J’ai eu comme un déclic, je me suis mise en mode « parents ». J’ai renoncé à ce qui générait du stress superflu, ce qui m’amène notamment à passer l’ensemble de mes examens aux rattrapages 😀

Avec l’accord de mon mari, nous avons pris des dispositions pour que je retrouve de bonnes nuits. Il a redoublé de présence pour me soutenir et de mon côté, j’ai lâché du lest sur plein de points pour me concentrer sur l’essentiel : moi, le bébé et notre famille. Alors oui, les copains me manquent énormément. J’ai hâte de pouvoir re-bouger avec ce bébé dans nos bras. Mais j’ai l’impression d’enfin profiter de ma grossesse. Mon ventre n’est plus un poids. Je profite de chaque micro moment de détente et de rire. J’ai quand même quelques « soucis » à notifier.

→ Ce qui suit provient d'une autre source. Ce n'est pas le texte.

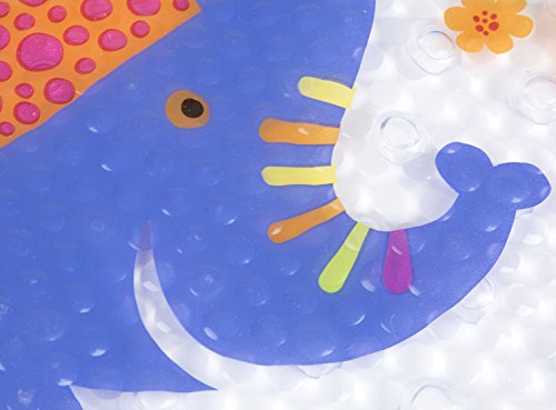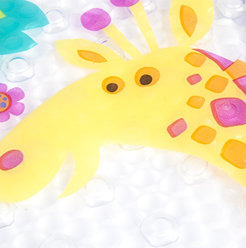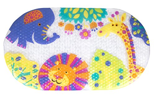 - FUN SAFARI FRIENDS: It’s time for your child to look forward to bathing! Featuring an adorable arrangement of safari animals like a giraffe, lion, and elephant, this bath mat is sure to put a smile on your little one’s face.
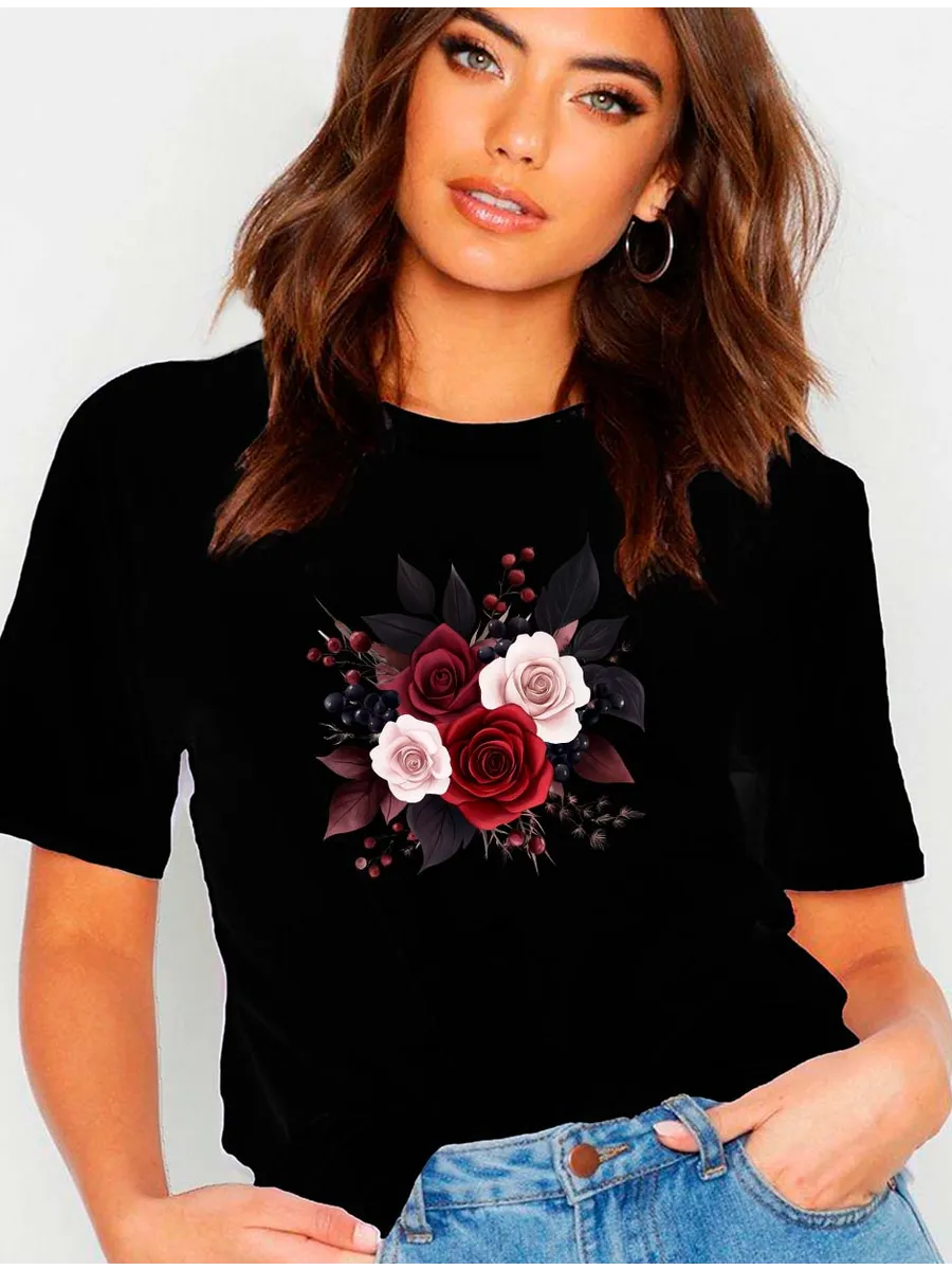 Черная футболка с розой
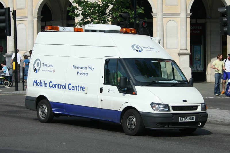 | Details: Now here is something really different, although still based on a Ford Transit. Seen at Trafalgar Square on 2nd July 2006, this Tube Lines-liveried van carried no fleetnumber, but has extensive lettering for its role as Mobile Control Centre for the Permanent Way Projects section. As well as two light-bars it has a roof-mounted air-conditioning unit and what appears to be a roll-out awning on the nearside. More information or sightings of this vehicle would be appreciated. | |||
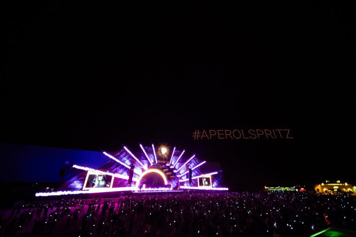 Το πορτοκαλί κύμα του Aperol κατέκλυσε το ΟΑΚΑ, με αποκορύφωμα της δεύτερης ημέρας ένα εντυπωσιακό drone light show που φώτισε τον νυχτερινό ουρανό της Αθήνας και δημιούργησε μια μαγική ατμόσφαιρα παρασύροντας το κοινό. Εκατοντάδες φωτεινά drones σχημάτισαν την εμβληματική φιάλη Aperol και ποτήρια Aperol Spritz που έκαναν cheers, προσφέροντας το highlight της βραδιάς. Το #1 φεστιβάλ ηλεκτρονικής μουσικής ολοκληρώθηκε με τρόπο αξέχαστο, αποδεικνύοντας για ακόμη μία φορά πως το Aperol είναι εκεί όπου γεννιούνται οι πιο μοναδικές στιγμές.

7 mois : Tout est relatif mais je suis de nouveau capable de me déplacer un minimum. J’ai repris le métro seule pour la première fois cette semaine, je cuisine et retrouve ma concentration pour étudier. Par contre, j’ai chaud. J’ai des bouffées de chaleur. Malgré que nous vivions dans le Nord, je ne chauffe notre grande maison que 2h par jour avant de suffoquer et d’ouvrir grand les fenêtres.

 

Ce que je raconte ici, relève de l’expérience personnelle. Faite confiance en votre corps et vos capacités. Si vous avez le moindre doute sur un symptôme, n’hésitez pas à consulter un•e professionnel•le de santé.

Il me reste 2 mois pour expérimenter d’autres symptômes chelous : quelle a été le plus bizarre, le plus surprenant pour vous ? N’hésitez pas à échanger dans les commentaires si vous avez besoin.